— AIM OF THE TASK —
With pictures left out, extract every line between the start of the records below and the line holding "Introduire une faire-part", inclusive.

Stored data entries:

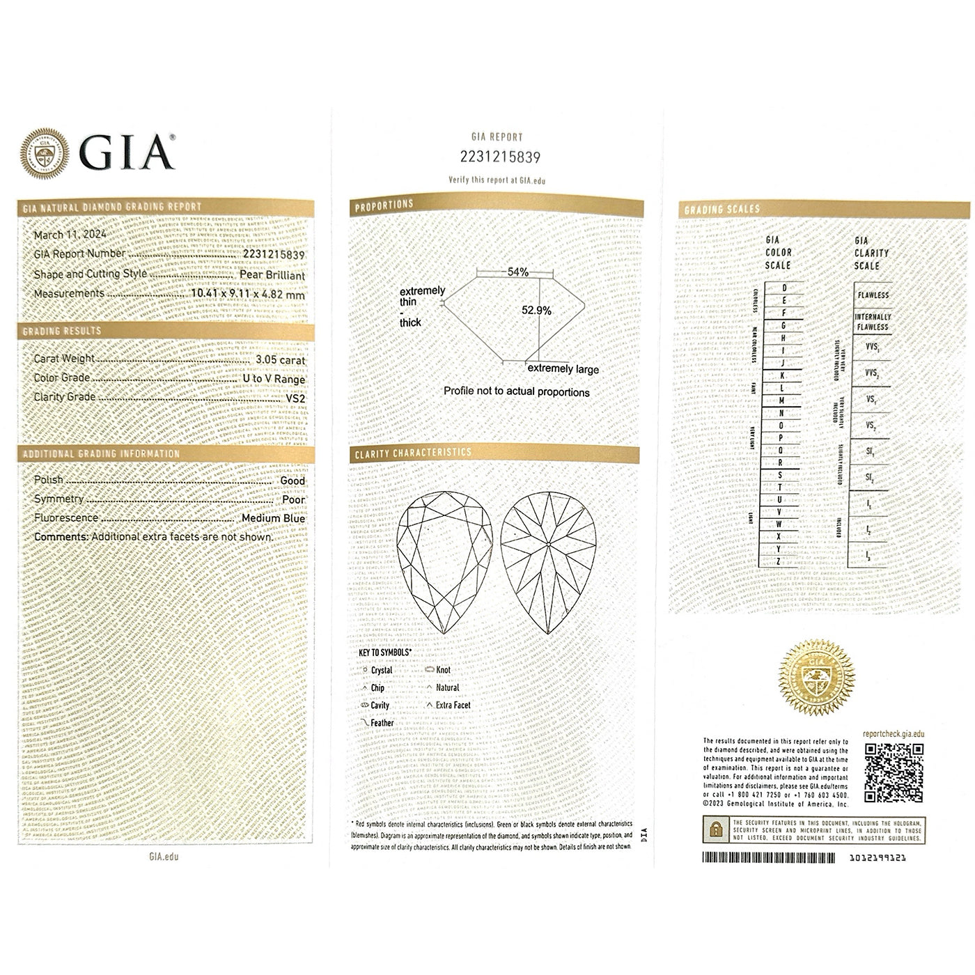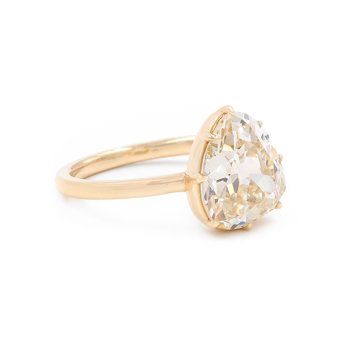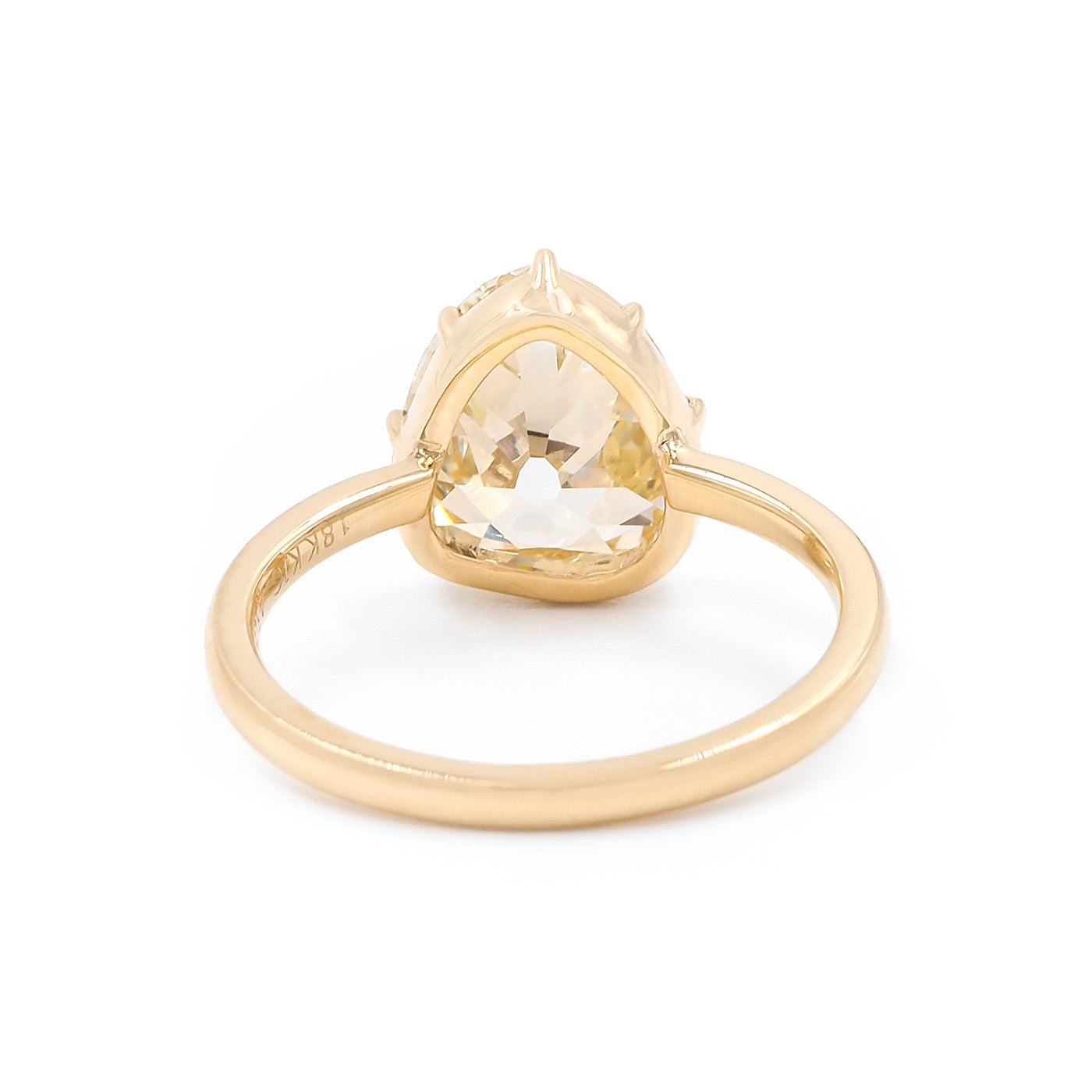 Vintage-Inspired 3.05 Ct. Old Pear Cut Diamond Solitaire Engagement Ring from Bespoke by Platt, composed of 18k yellow gold. The Old Pear Cut diamond is GIA certified U-V color/VS2 clarity. The pear-shaped, multi-claw prong collet-style setting measures approximately 11.2 mm tall by 9.2 mm wide.
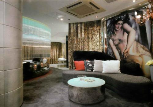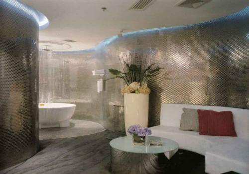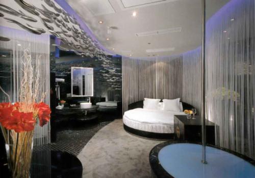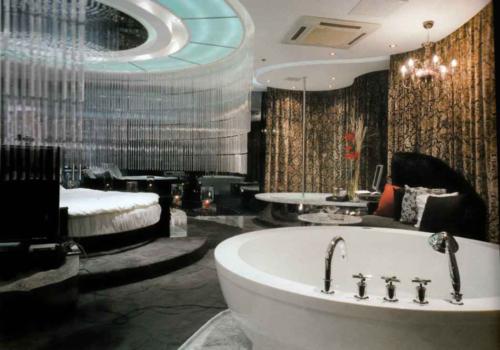 房間采用了全開放式的設(shè)計,衛(wèi)生間、睡床區(qū)及休息沙發(fā)區(qū)都以虛化的空間來劃分,通過相互的穿透和重疊來實現(xiàn)業(yè)主的訴求,既有精品酒店的華貴,又有KTV酒吧的魅惑。
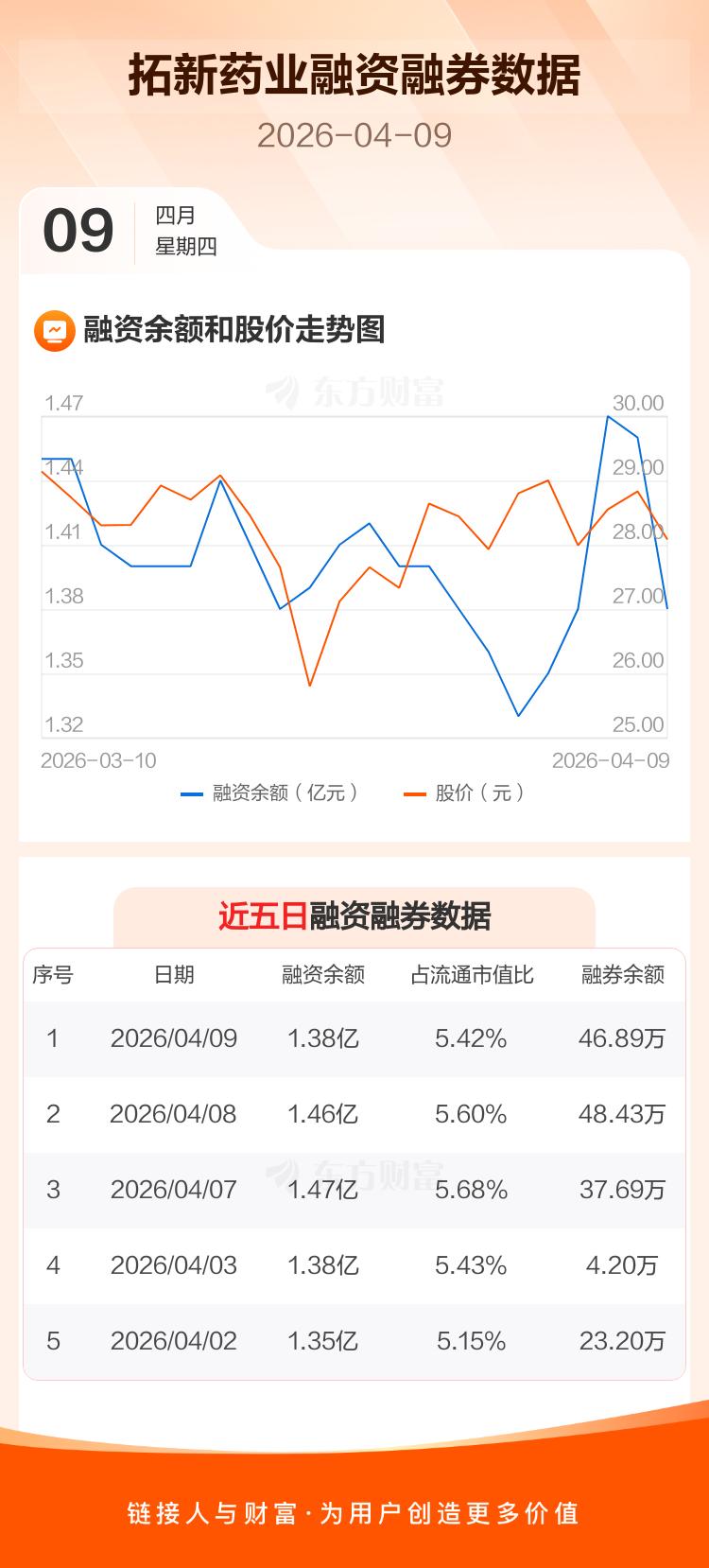 交易所最新数据显示,拓新药业于2026年4月9日获融资买入645.76万元,融资偿还1479.25万元,当日融资净偿还833.49万元。目前,该股融资余额1.38亿,占流通市值比例为5.42%。
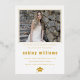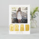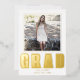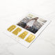 Introduire une faire-part contemporaine et sophistiquée de graduation pour la Classe de 2025, ornée d'une touche d'opulence à travers l'utilisation de feuille d'or moderne et élégant. Ce design exquis présente l'inscription "GRAD" proéminente en feuille d'or brillante, magnifiquement complétée par la photo captivante du diplômé contre un arrière - plan blanc immaculé. En tournant le dos, une photo supplémentaire rend hommage au faire-part, tout en fournissant une plate-forme pour inclure tous les détails essentiels de cette célébration de graduation capitale.
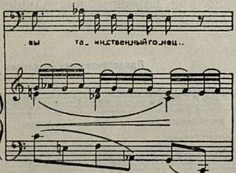 В крупном плане дано здесь и музыкальное развитие: центр тяжести переносится с передачи смысловых оттенков слов на музыкально-обобщенное выражение основной мысли и эмоционального подтекста фразы. Объединяя музыкальный материал реплик Шуйского, Мусоргский превращает отдельные восходящие интонации в единую восходящую мелодическую линию, усиливая тем самым ее наступательную активность:
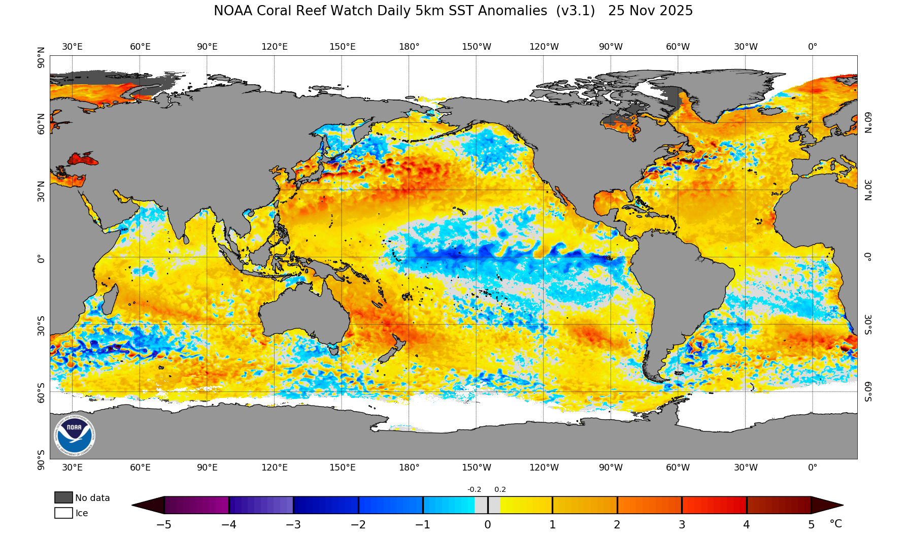 Tổ chức Khí tượng Thế giới (WMO) nhận định năm 2025 có thể là năm nóng thứ hai hoặc thứ ba trong lịch sử, ngay sau khi năm 2024 được ghi nhận là năm nóng nhất. Nhiệt độ trung bình gần bề mặt Trái đất trong giai đoạn từ tháng 1 đến tháng 8/2025 cao hơn khoảng 1,42°C so với mức trung bình thời kỳ tiền công nghiệp (1850-1900). Hồ sơ của Cơ quan Hàng không và Vũ trụ Hoa Kỳ (NASA) cũng cho biết nhiệt độ toàn cầu hiện ấm hơn khoảng 1,47°C so với thời kỳ tiền công nghiệp.
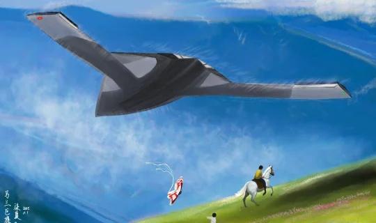 儿童放学归来早,忙趁东风放纸鸢 马兰巨鹰-马兰Y隐形远程无人轰炸机procreate板绘画画 procreate绘画 马兰开花二十一 无人机 轰20
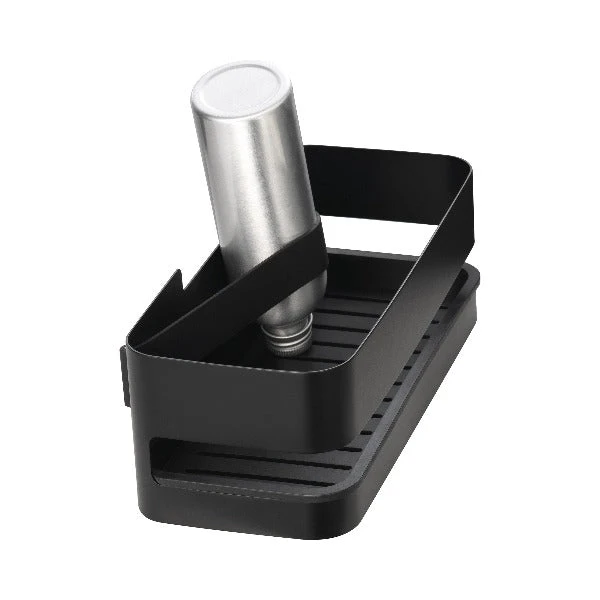 NEXIO Modern Stainless Steel Shower Shelf – Large by blomus provides storage and organization to the bath or shower. Keeps any shower tidy and has space for all necessary items. Stainless steel basket contains a plastic tray that can be removed and cleaned. Also features a wide elastic band inside the basket that holds smaller items in place, such as an upturned shampoo bottle or razor.
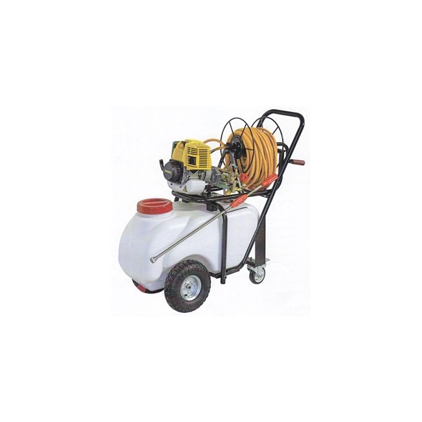 Motopompa per irrorazione con motopompa, realizzato in acciaio verniciato, montato se ruote pneumatiche. Serbatoio in polietilene da 50 litri con filtro d’aspirazione, filtro riempimento e tappo di scarico. Applicazioni: trattamenti antiparassitari a piante, fiori, vigneti, albero da frutto ed ortaggi, diserbo su viali ed aiuole, disinfezione di ambienti, aspersione di liquidi repellenti per insetti, piccoli lavaggi.
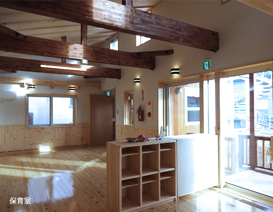 増築に当たっては、生活建築設計室の柏木茂さんに設計をお願いし狭い土地を有効的に使い、既存の園舎とつながった念願の0.1歳児室が完成しました。
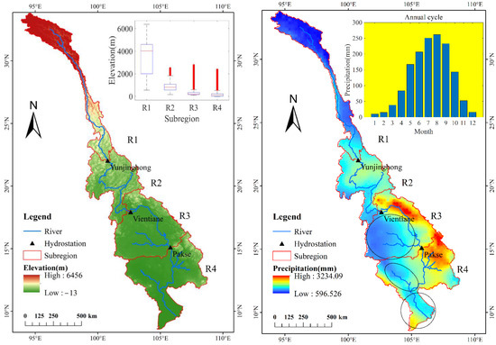 Based on the spatial distribution of topography and climate in the LMRB, the basin can be divided into four regions. The first is the upper Yunjinghong region, which covers most of the LRB and is located in China, with an average multi-year precipitation of about 985 mm. The second is the Yunjinghong–Vientiane interval, or upper MRB, which consists mainly of the northern part of Laos, with an average annual precipitation of 1440 mm. The third is the Vientiane–Pakse interval, or middle MRB, which consists mainly of the eastern part of Thailand and the central and southern parts of Laos, with an average annual precipitation of 1610 mm. There is a rainy zone in the northeast of the region (i.e., the central part of Laos). Finally, the lower Pakse, or lower MRB and delta, includes most of Cambodia, southern Vietnam, and southern Laos, with average annual precipitation of 1770 mm and a rainy zone in the eastern part of the region, roughly within the 3S basin.
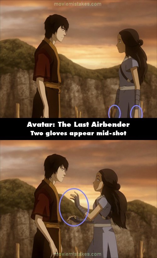 Continuity mistake: When Katara goes to hug Zuko at the end, she is not wearing gloves on either of her hands, but then a glove appears on her left hand mid-shot, and her right hand also has one once she puts her arms around Zuko. (00:23:04)
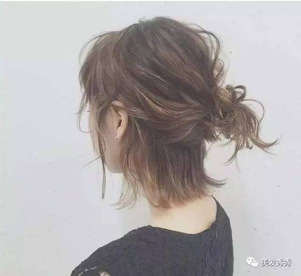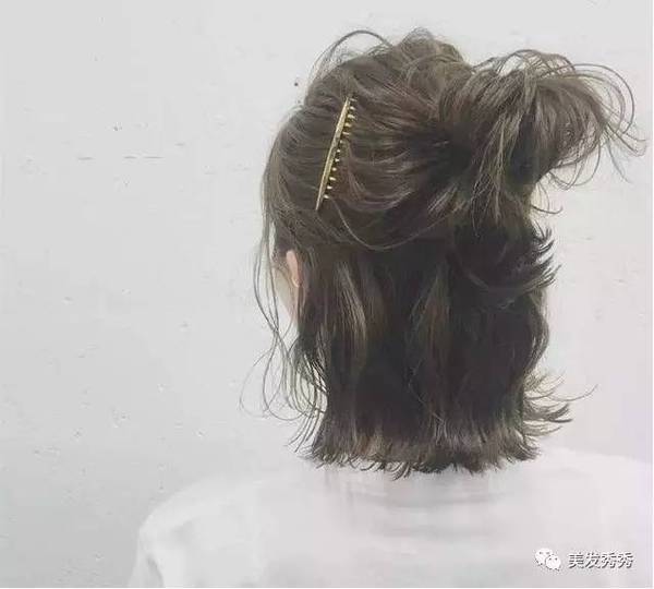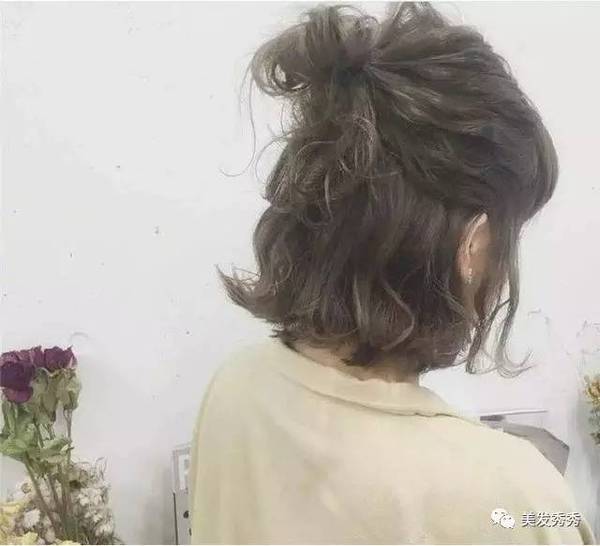 短发半丸子头,发尾外翘的短发上半部分扎一个对折的小马尾,就是一款很显慵懒气息的半丸子头,越蓬松越时髦。

— EXERCISE RESPONSE —
 Vintage-Inspired 3.05 Ct. Old Pear Cut Diamond Solitaire Engagement Ring from Bespoke by Platt, composed of 18k yellow gold. The Old Pear Cut diamond is GIA certified U-V color/VS2 clarity. The pear-shaped, multi-claw prong collet-style setting measures approximately 11.2 mm tall by 9.2 mm wide.
 房間采用了全開放式的設(shè)計,衛(wèi)生間、睡床區(qū)及休息沙發(fā)區(qū)都以虛化的空間來劃分,通過相互的穿透和重疊來實現(xiàn)業(yè)主的訴求,既有精品酒店的華貴,又有KTV酒吧的魅惑。
 交易所最新数据显示,拓新药业于2026年4月9日获融资买入645.76万元,融资偿还1479.25万元,当日融资净偿还833.49万元。目前,该股融资余额1.38亿,占流通市值比例为5.42%。
 Introduire une faire-part contemporaine et sophistiquée de graduation pour la Classe de 2025, ornée d'une touche d'opulence à travers l'utilisation de feuille d'or moderne et élégant. Ce design exquis présente l'inscription "GRAD" proéminente en feuille d'or brillante, magnifiquement complétée par la photo captivante du diplômé contre un arrière - plan blanc immaculé. En tournant le dos, une photo supplémentaire rend hommage au faire-part, tout en fournissant une plate-forme pour inclure tous les détails essentiels de cette célébration de graduation capitale.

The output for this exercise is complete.